RECORDS FOR THIS TASK —
──────
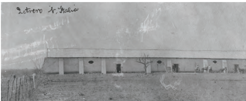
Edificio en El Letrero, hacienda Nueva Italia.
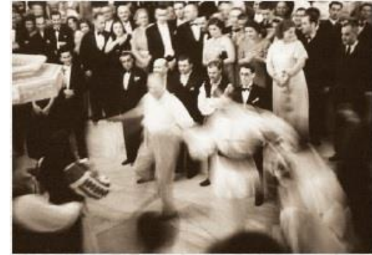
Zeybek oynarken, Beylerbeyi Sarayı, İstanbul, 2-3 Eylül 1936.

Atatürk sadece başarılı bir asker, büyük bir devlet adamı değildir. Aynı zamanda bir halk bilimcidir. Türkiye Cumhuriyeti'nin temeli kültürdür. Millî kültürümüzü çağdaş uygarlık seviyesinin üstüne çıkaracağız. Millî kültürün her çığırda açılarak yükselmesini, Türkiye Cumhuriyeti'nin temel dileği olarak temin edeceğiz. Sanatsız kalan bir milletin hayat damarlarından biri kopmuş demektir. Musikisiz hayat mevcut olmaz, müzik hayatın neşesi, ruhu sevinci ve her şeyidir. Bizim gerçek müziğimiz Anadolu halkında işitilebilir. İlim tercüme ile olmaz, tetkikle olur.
──────
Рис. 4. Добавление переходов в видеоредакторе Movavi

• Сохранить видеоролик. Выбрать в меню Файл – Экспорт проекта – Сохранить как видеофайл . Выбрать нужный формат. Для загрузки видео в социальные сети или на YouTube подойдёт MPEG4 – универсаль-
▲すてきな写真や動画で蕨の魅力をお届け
──────
ABOUT THIS TASK —
Output should consist of the lines above from the one with "Edificio en El" down to the one with "Zeybek oynarken, Beylerbeyi", exact and without pictures.

ANSWER TO THIS PROBLEM —
Edificio en El Letrero, hacienda Nueva Italia.
Zeybek oynarken, Beylerbeyi Sarayı, İstanbul, 2-3 Eylül 1936.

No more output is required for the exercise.